What We Bring Forward: Women Photographers Influencing the Archive
History unfolds through prevailing cultural, social, and political viewpoints— archives traditionally privileged a singular colonial and patriarchal framework and consequently have limited whose stories are deemed worthy of preservation, study, exhibition and acquisition.
Aldeide Delgado, Susan Meiselas, and Keisha Scarville are artists, academics, and activists that explore approaches to archival practice and visual storytelling and offer the invitation to imagine archives not as static repositories but as living conversations.
These women through their image-making, teaching, writing, curation and scholarship challenge prevailing viewpoints to document overlooked narratives, to amplify diverse lived experiences and to expand what constitutes our visual history and contemporary cultural conversation.

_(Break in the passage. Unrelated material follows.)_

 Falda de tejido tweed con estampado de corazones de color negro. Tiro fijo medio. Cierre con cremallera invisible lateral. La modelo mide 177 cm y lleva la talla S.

Through their work and witness our understanding of the past expands while simultaneously transforming the possibilities of our future collective visual recording. What constitutes a canon moves beyond a fixed repository into a fluid instrument of possibility.

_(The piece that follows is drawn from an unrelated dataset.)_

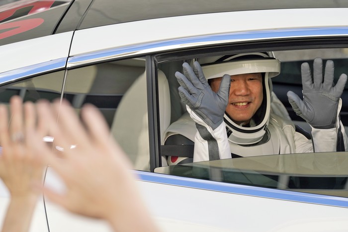 Keempat astronaut menuju lokasi landasan peluncuran Launch Pad 39-A menggunakan mobil Tesla. Foto: AP/Chris O'Meara
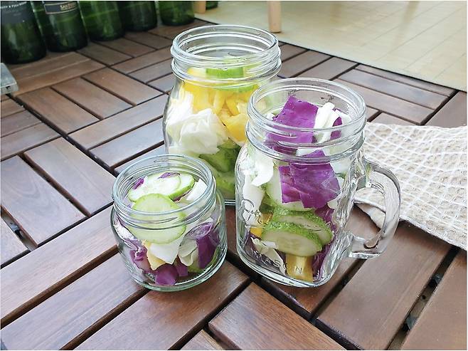 ✅ 유리병은 열탕소독해 주시고 썰어둔 채소를 넣어주세요

I love the limitless reach each of these women engages to reshape and reclaim by activating visual narratives. They thrive on collaboration and search for potential. They center transparency and reciprocity. As a result new definitions, methodologies and vocabularies are being revealed as we widen the frame of what constitutes an archive to include our bodies, geographies, materials and elements that hold our personal, political and collective agency.